Across the test matrix, the experiments simulated 0.5 to 9 hours of equivalent day-time aging (with the hydroxyl radical and ozone) or several hours of night-time aging (with the nitrate radical). Day-time aging resulted in an average organic aerosol (OA) mass enhancement of 72% although the full range of OA mass enhancements varied between ~0% and 400%. The distribution of OA mass enhancements was consistent with chamber and flow reactor experiments performed at the Fire Laboratory in 2010 and 2012 but similar to previous studies offered no evidence to link the OA mass enhancement to fuel type, burn conditions, or oxidant exposure. The chamber OA mass enhancements were nearly half of those observed with flow reactor experiments performed in conjunction with this study and the differences could be explained by significant differences in oxidant exposure (median age of 6.1 hours for the chamber versus 3.8 days for the flow reactor). Night-time aging resulted in an average OA mass enhancement of 20%, which was lower than that observed with day-time aging. We found strong evidence for production of organic nitrates during the night-time experiments where they accounted for ~10% of the total OA emitted and formed by the end of the experiment. Both day- and night-time aging resulted in only modest changes in the OA composition measured by the aerosol mass spectrometer. The median fraction of the OA mass measured at a mass-to-charge ratio of 44 and 60 changed by +65% and -25% respectively and the median oxygen-to-carbon ratio increased by 25%. The flow reactor experiments witnessed much larger changes in the OA composition (e.g., median oxygen-to-carbon ratio more than doubled), which again could be attributed to substantial differences in oxidant exposure.

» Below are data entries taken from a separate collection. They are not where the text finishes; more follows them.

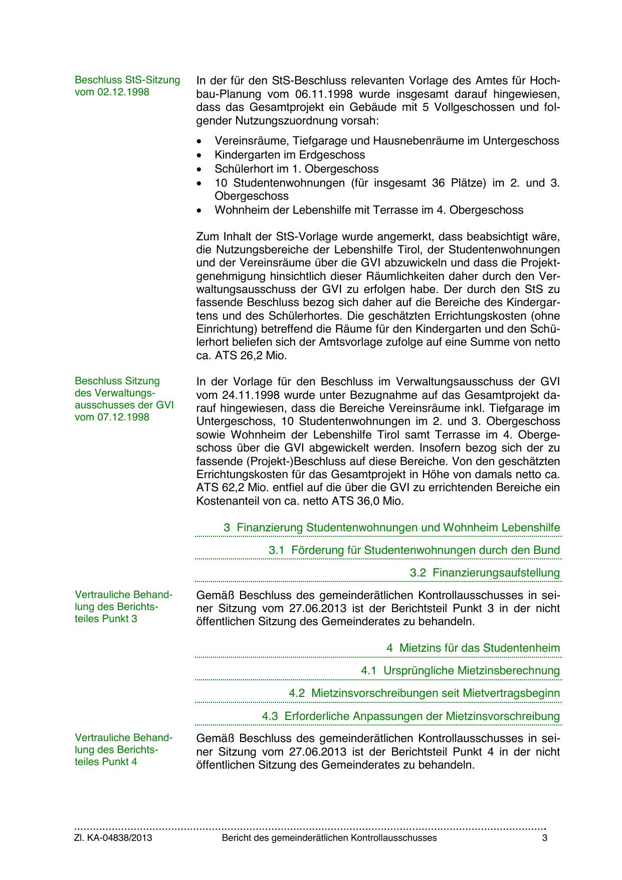 Gemäß Beschluss des gemeinderätlichen Kontrollausschusses in seiner Sitzung vom 27.06.2013 ist der Berichtsteil Punkt 3 in der nicht
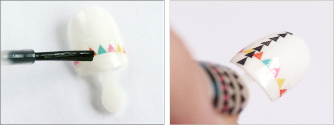 Нанесите верхнее покрытие. Особенно тщательно проработайте торец ногтя: чем лучше он запечатан, тем меньше шансов, что слайдер отклеится.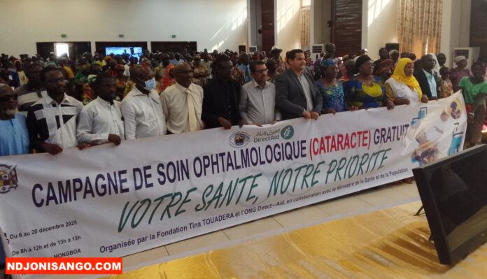 Bangui 18 décembre 2025—(Ndjoni Sango) : Mercredi le 17 décembre 2025 a eu lieu dans la salle de conférence de la Caisse Nationale de Sécurité Sociale (CNSS), la clôture de la campagne ophtalmologique de soin gratuit contre la cataracte, en présence de haut patronage de la Première dame Tina Marguerite Touadera.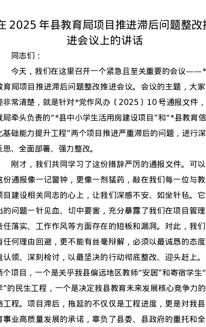 在2025年县教育局项目推进滞后问题整改推进会议上的讲话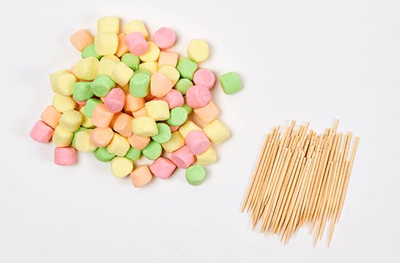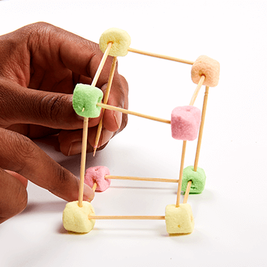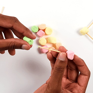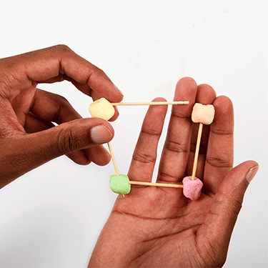 Make a square base by connecting four marshmallows to the end of four toothpicks or dry spaghetti pieces.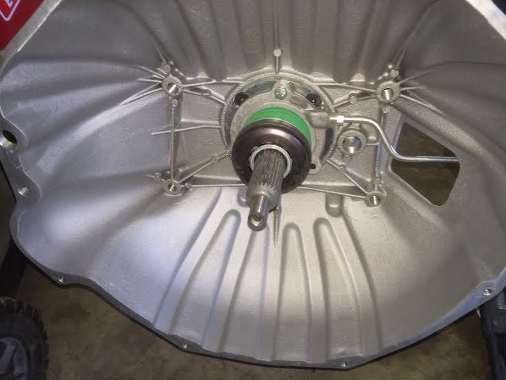 Prepping the TKO 5 speed conversion for install. I removed the bearing retainer, retrieved the bearing race from it, and installed the new bearing retainer and hydraulic throw out bearing.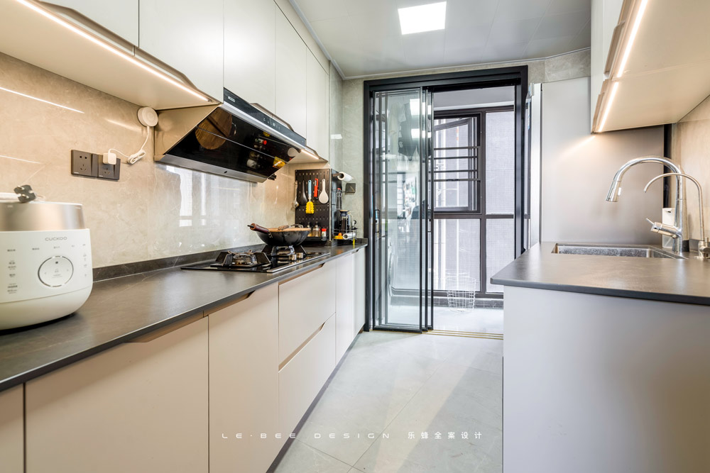 廚房布局呈左右雙一字型的形狀,冰箱和臺盆在一側,從冰箱里拿出來的食材可以加工后進行清洗,再轉身進行烹飪,動線清晰明了,中間留出通往生活陽臺的過道,生活陽臺這邊用雙扇加高的推拉門來增加空間的采光。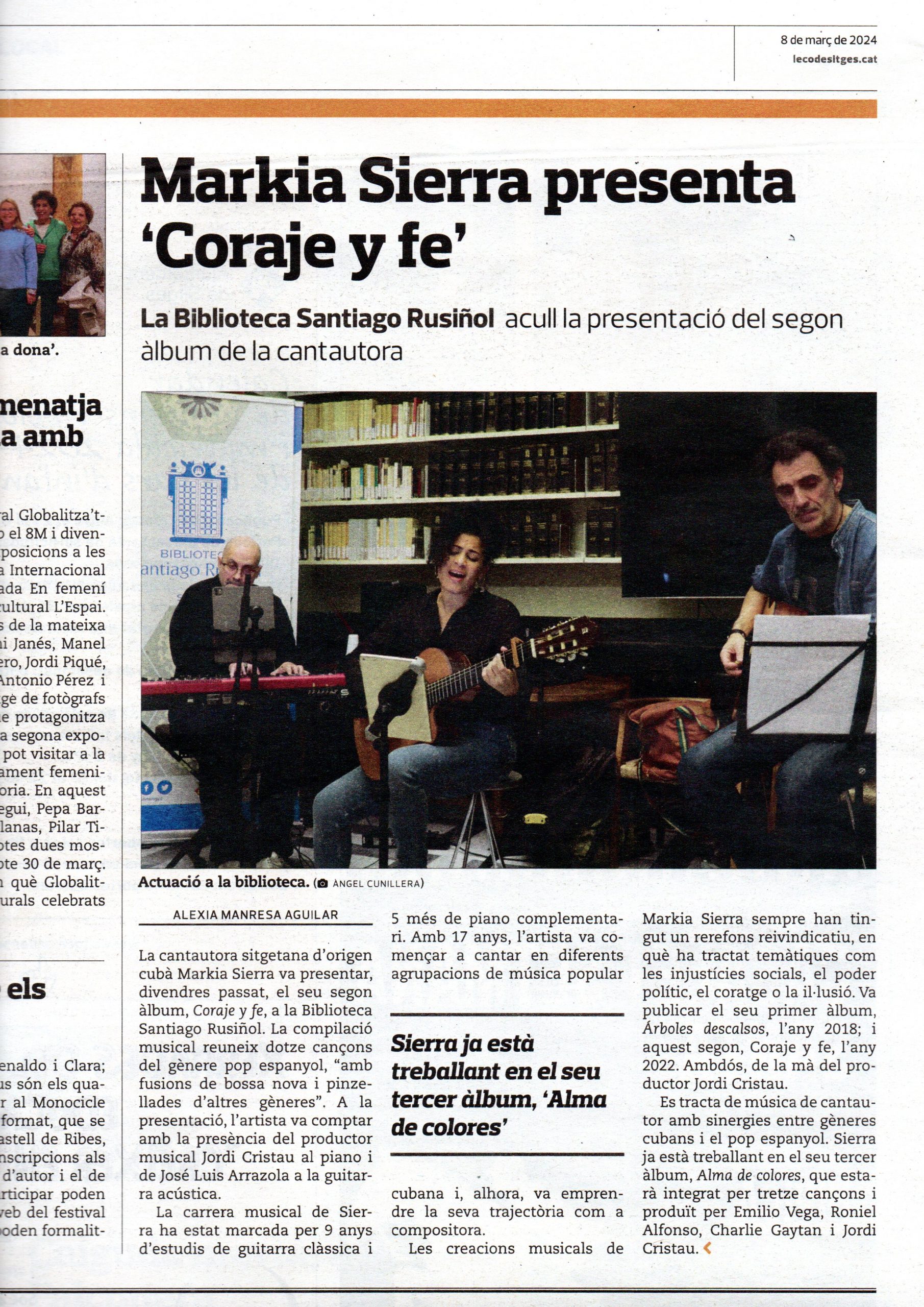 “Les creacions musicals de Markia Sierra sempre han tingut un referent reivindicatiu, en el qual ha tractat temes com les injustícies socials, el poder polític, el coratge o la il·lusió.”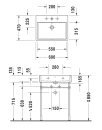 Servanten har en bredde på 600 mm, dybde på 470 mm og høyde på 165 mm. Vekten er 18,7 kg. Den leveres uten bunnventil og overløpsdeksel, og monteringsmateriale må bestilles separat. Vedlikeholdsinstruksjon følger med. Tilleggsprodukter og tilbehør finnes under "tilbehør".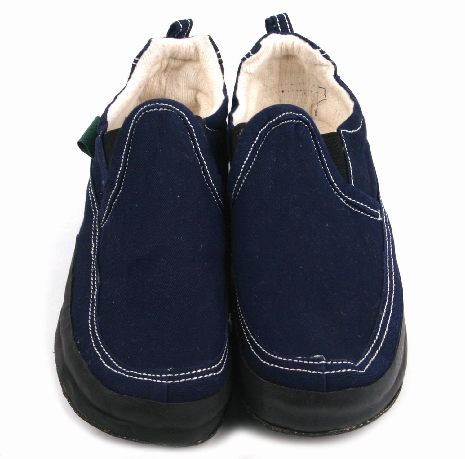 InfozeileBaumwolle mit Gummisohle aus recycl. Autoreifen, im Schuhbeutel, dunkelblau, erhältlich in RESTGRÖßEN 40 bis 45,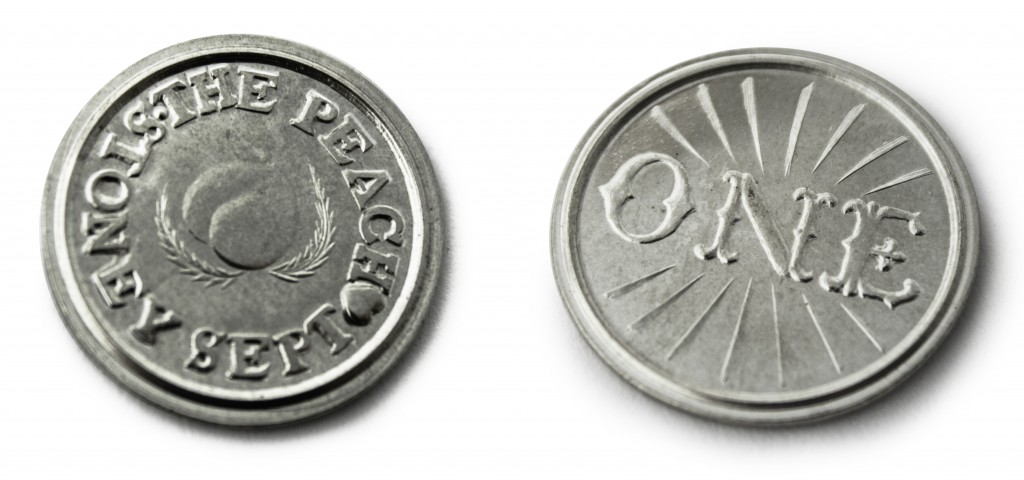 هدف از ترسیم میوه ی هلو در قسمت جلویی این سکه این است که به صورت نمادین شکلی شهوانی را در ذهن افراد ایجاد کند. در قسمت پشتی این سکه تنها کلمه ی ONE درج شده است. این سکه ها معمولا در مکانهای بخصوصی (فاحشه خانه ها) وجود داشتند و توسط نرخ رایج (یک گوزن) از مدیریت فاحشه خانه خریداری میشدند تا بعنوان مجوزی باشد برای ورود به فاحشه خانه و سپس انتخاب یک فاحشه. در نهایت سکه به فاحشه داده میشد. و فاحشه نیز آن را به مدیریت بازمیگرداند تا گواهی باشد برای خدمت به مشتری.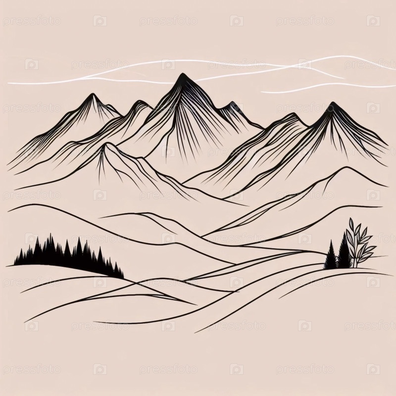 Минималистское линейное искусство горного хребта, Ai generated image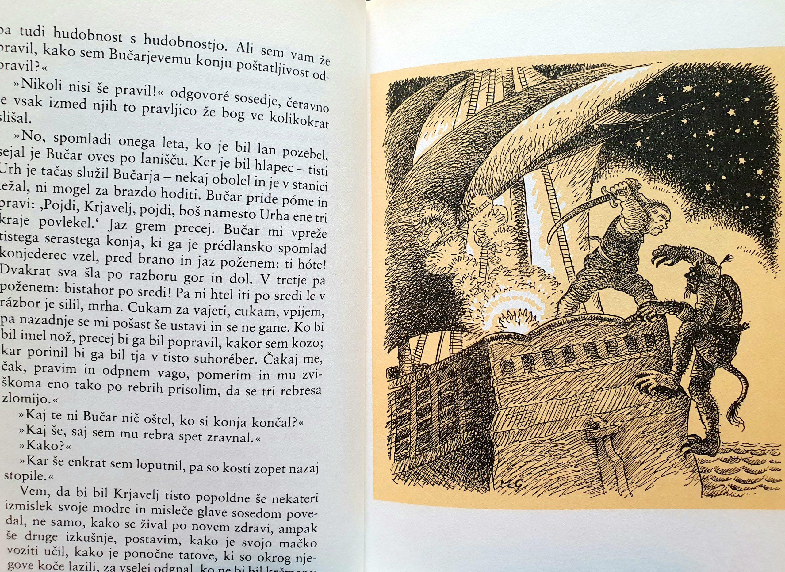 We had privilege to went through the book edition, which was illustrated by Maksim Gaspari (Mladinska Knjiga, Ljubljana), dated from early 1979. In greater detail we looked at the meaning and roles of two important characters in the novel: the tragic character Martinek Spak – the Tenth Brother and Krjavlj, the indestructible bold joker who leaves a mark in the readers’ memory. This particular character over the years became the adjective ‘’krjaveljski’’ (a krjavel) and even into the name of an industrial product, a type of high-quality bread “Krjavljev kruh”.

Ongoing work is focussed on integrating chamber and flow reactor wildfire experiments from 2010, 2012, and 2016 (~130 individual experiments) to examine the relationship between OA mass enhancement ratios, modified combustion efficiency, initial aerosol concentrations and composition, aerosol size, oxidant exposure, VOC:NOx ratios, and emissions and speciation of SOA precursors.